Lo que también se puede ver ya es un cambio gradual en la mentalidad de Everton. Existe una creciente capacidad de resiliencia que había estado ausente, y que se demostró de forma más evidente cuando, tras ir perdiendo por dos goles frente al Watford, se recuperaron para ganar 3-2.

Otra prioridad a corto plazo es el futuro de Sidibé. Digne y Leighton Baines representan buenas opciones en el lateral izquierdo, pero Sidibé sólo está cedido por el Mónaco hasta el final de la temporada a menos que ejerzan su derecho a comprarlo de forma permanente.

Con Digne y Baines capaces de atacar como laterales o extremos, si el Everton quiere alcanzar realmente sus objetivos -como se ha visto en el Liverpool y en la era moderna con el City y el Tottenham – es probable que necesiten la presencia de una amenaza ofensiva en ambos perfiles.
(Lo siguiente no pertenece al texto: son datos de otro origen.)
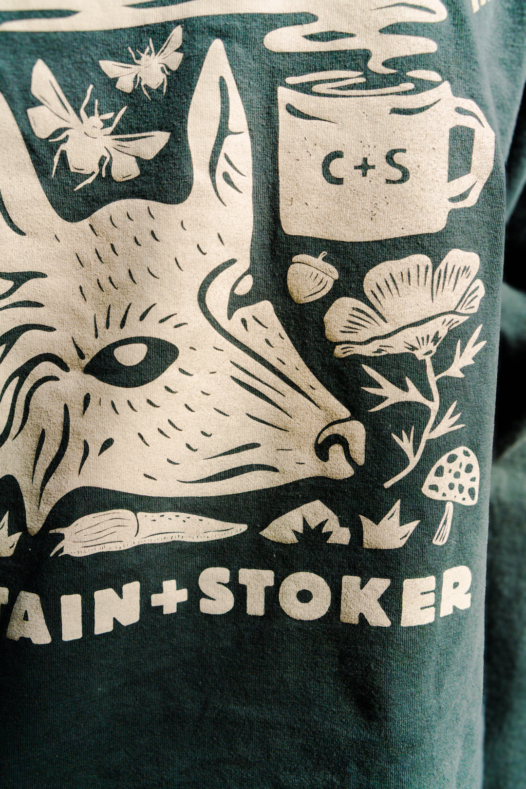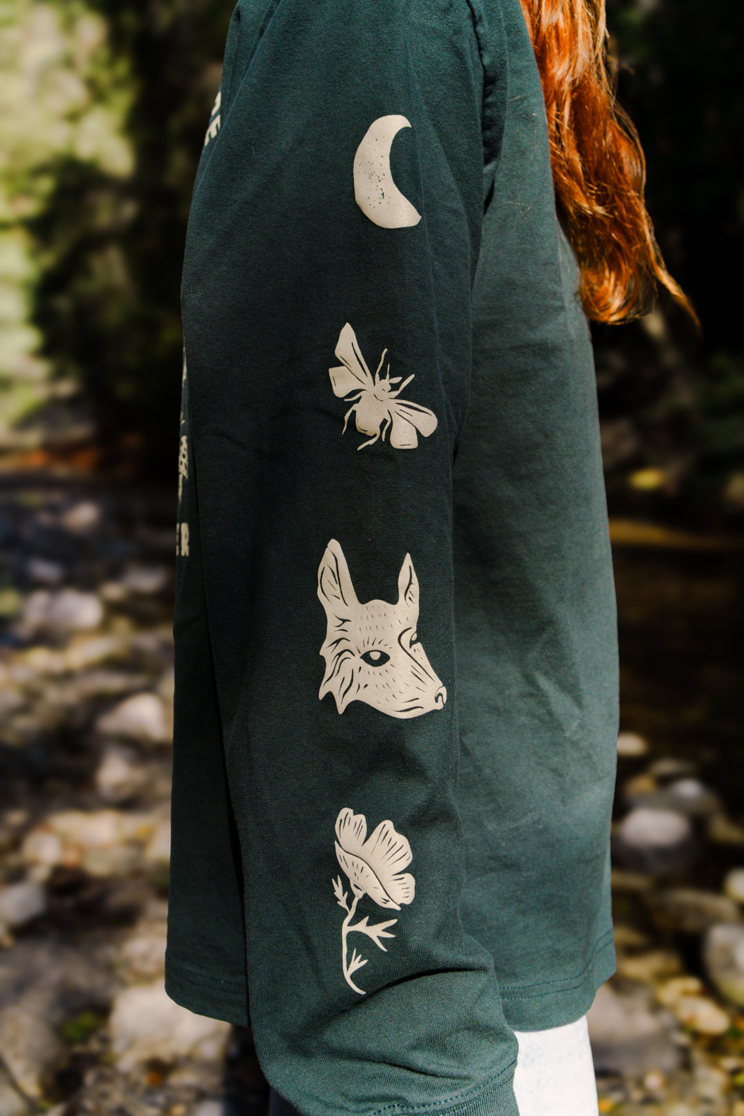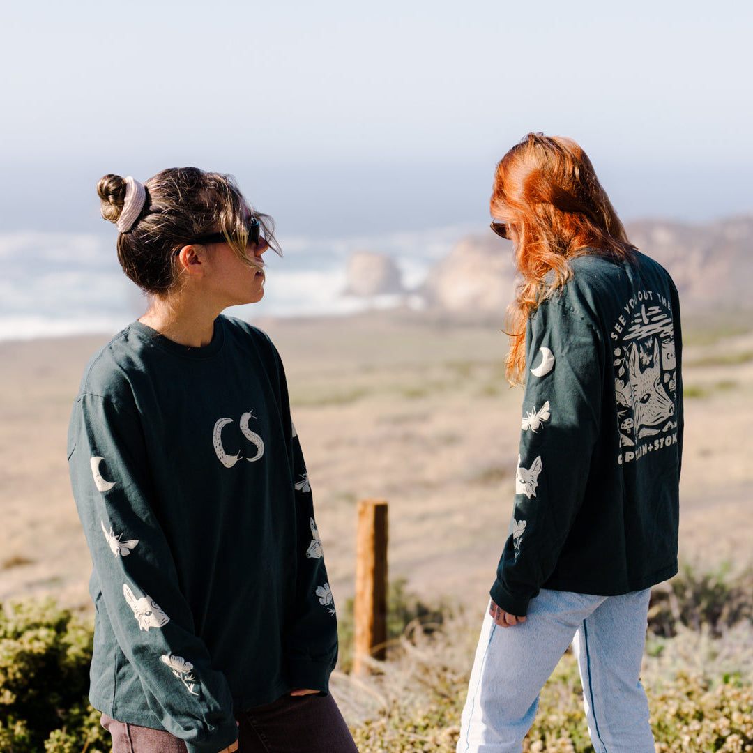 This holiday season we have a long sleeve tee in a forest green tone with elements of central coast iconic graphics. Printed on the front, back, and sleeves, there was a lot of hard work that went into these shirts, and we're so proud of how they turned out!

También debe definir la identidad que quiere de sus mediocampistas centrales. Gylfi Sigurdsson, Fabian Delph y Tom Davies han sido hasta ahora los jugadores más utilizados, pero ninguno es tan eficaz para descolgarse en ataque como lo fue Gueye.

Jugadores creativos entre ellos, pero también han ralentizado en ocasiones la creación de juego (arriba), siendo todavía necesario un mayor equilibrio frente a su defensa. Aunque Morgan Schneiderlin tenga más oportunidades de impresionar, el equipo requerirá de un mediocampista con un nivel defensivo superior.